What is required – Reproduce exactly the run of lines that begins with the one containing "Ten tweede kan" and ends with the last line of the records, omitting pictures.

Records –
[Start of Attachment]

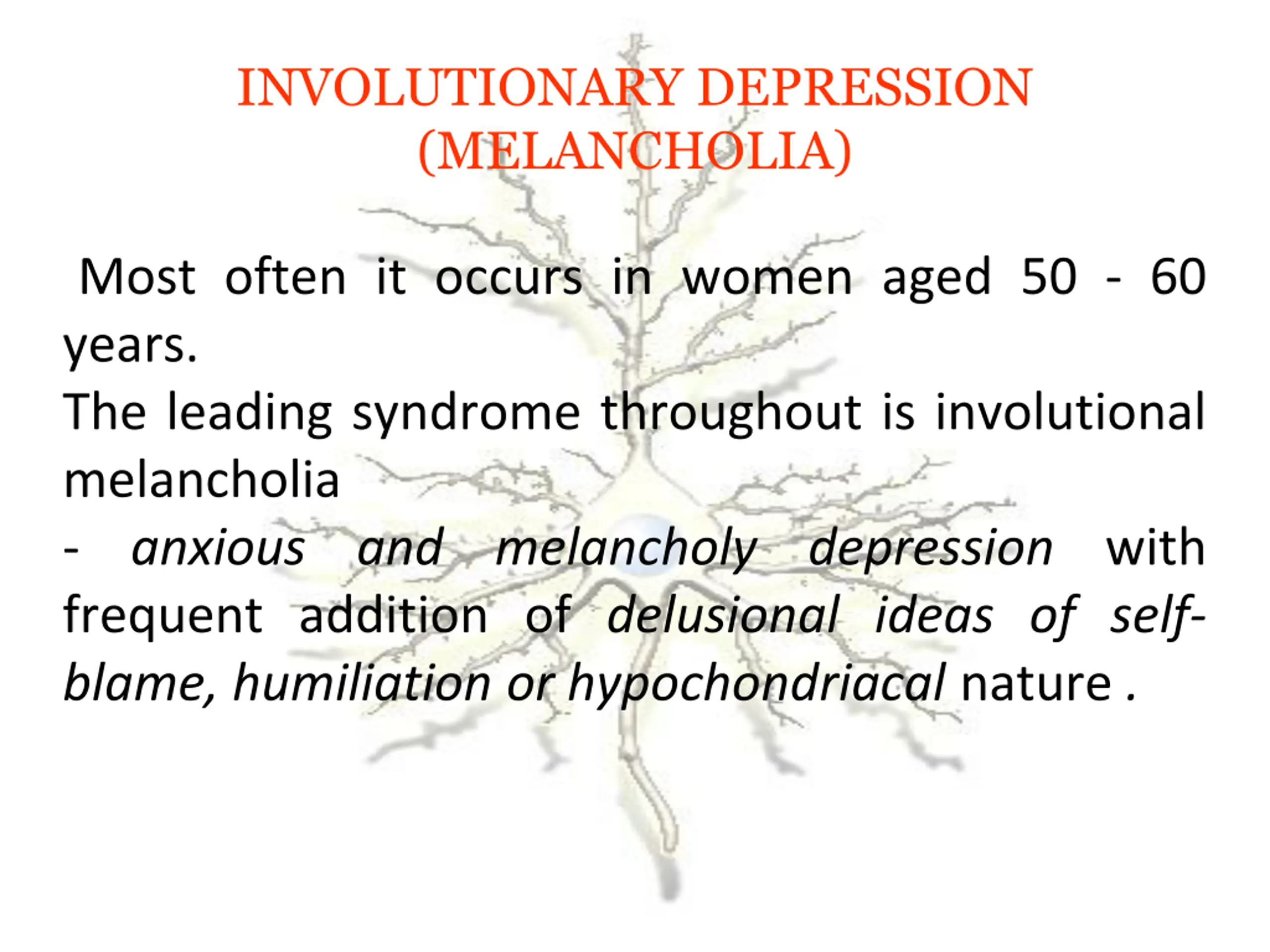 INVOLUTIONARY DEPRESSION (MELANCHOLIA) Most often it occurs in women aged 50 - 60 years. The leading syndrome throughout is involutional melancholia - anxious and melancholy depression with frequent addition of delusional ideas of self- blame, humiliation or hypochondriacal nature .
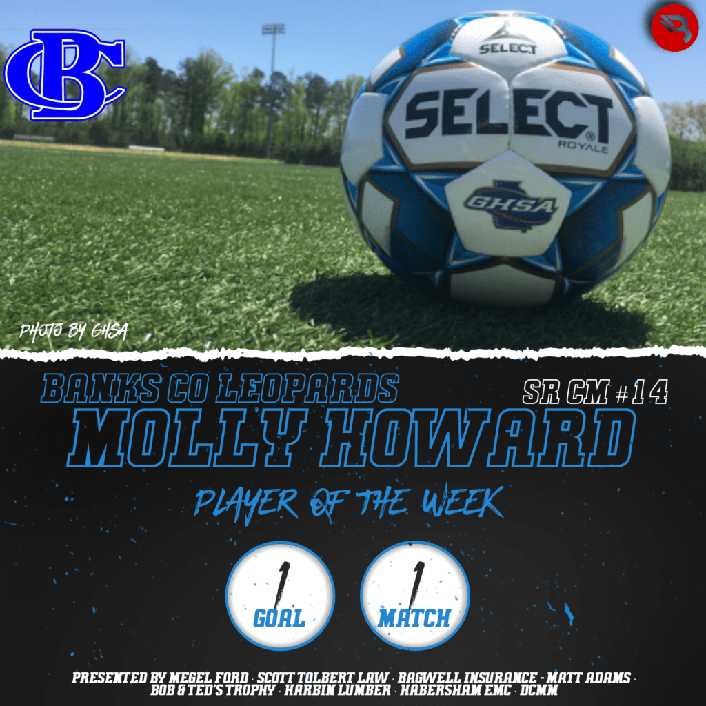 Banks County’s Molly Howard had a goal last week for the Lady Leopards. For the senior center mid, this is her first POW award.
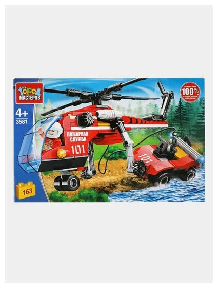 10 цен на Конструктор Город мастеров Пожарный вертолёт вытаскивает машину, 163 детали
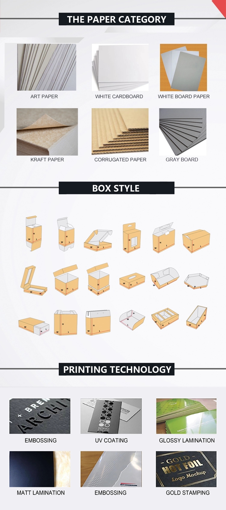 Ten tweede kan hij, afhankelijk van zijn uiterlijk, verschillende soorten fotoafdrukken, warmstempelprocessen, CMYK-afdrukken, enkelzijdige of dubbelzijdige afdrukken aanpassen en warmstempelen kan hetzelfde zijn als geschenkdozen.
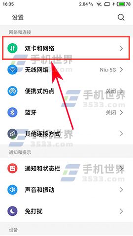 1)打开手机的【设置】,进入设置菜单后再点击打开【双卡和网络】选项。(如下图)

[End of Attachment]

Your solution –
 Ten tweede kan hij, afhankelijk van zijn uiterlijk, verschillende soorten fotoafdrukken, warmstempelprocessen, CMYK-afdrukken, enkelzijdige of dubbelzijdige afdrukken aanpassen en warmstempelen kan hetzelfde zijn als geschenkdozen.
 1)打开手机的【设置】,进入设置菜单后再点击打开【双卡和网络】选项。(如下图)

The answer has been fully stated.